Exercise requirements
Keep the lines exact and the pictures out as you repeat the following listing.

Given information
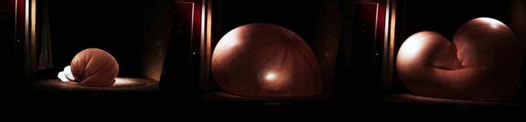 Über drei Abende experimentierten Nicole David, Loris Ciresa und ich auf der fünf Quadratmeter grossen Kulturbühne in der Loge Luzern für das "Adventstürchen 2013". Die Idee, mit dem Meteoballon zu arbeiten, überzeugte uns alle drei, da er sich mit dem Volumen der Loge in einen spannungsgeladenen, räumlichen Dialog setzen liess. Persönlich hat es mich gefreut, dieses Material in einem neuen Kontext auszuprobieren, habe ich es doch über mein AIL Stipendium an der Hochschule in Zürich im WSL Institut in Bellinzona kennengelernt, und bei INANNA als Bühnenelement weiterverwendet.
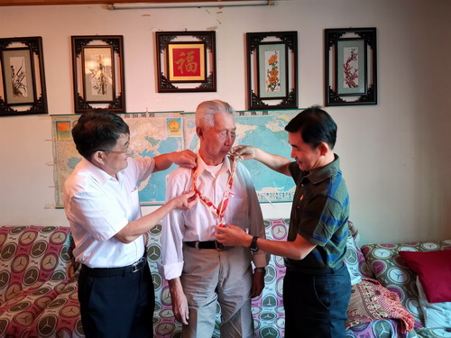 86岁的戴鹤年老人,依然精神矍铄。他激动地对前来看望他的学校工作人员说:“新中国成立70周年之际,党中央、习主席和学校还记得我们,十分感谢!我要养好身体,争取多为学校的建设发展发挥余热,留一份热,发一份光!”
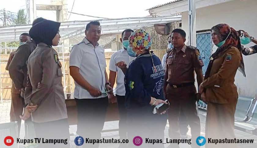 Tampak dokter Andriani (kaos biru tua) saat menyampaikan hasil autopsi mayat anonim kepada Kasat Reskrim Polres Lamsel AKP Hendra Saputra (kemeja putih), Senin (11/9/2023). Foto: Handika/kupastuntas.co

Response below
 Über drei Abende experimentierten Nicole David, Loris Ciresa und ich auf der fünf Quadratmeter grossen Kulturbühne in der Loge Luzern für das "Adventstürchen 2013". Die Idee, mit dem Meteoballon zu arbeiten, überzeugte uns alle drei, da er sich mit dem Volumen der Loge in einen spannungsgeladenen, räumlichen Dialog setzen liess. Persönlich hat es mich gefreut, dieses Material in einem neuen Kontext auszuprobieren, habe ich es doch über mein AIL Stipendium an der Hochschule in Zürich im WSL Institut in Bellinzona kennengelernt, und bei INANNA als Bühnenelement weiterverwendet.
 86岁的戴鹤年老人,依然精神矍铄。他激动地对前来看望他的学校工作人员说:“新中国成立70周年之际,党中央、习主席和学校还记得我们,十分感谢!我要养好身体,争取多为学校的建设发展发挥余热,留一份热,发一份光!”
 Tampak dokter Andriani (kaos biru tua) saat menyampaikan hasil autopsi mayat anonim kepada Kasat Reskrim Polres Lamsel AKP Hendra Saputra (kemeja putih), Senin (11/9/2023). Foto: Handika/kupastuntas.co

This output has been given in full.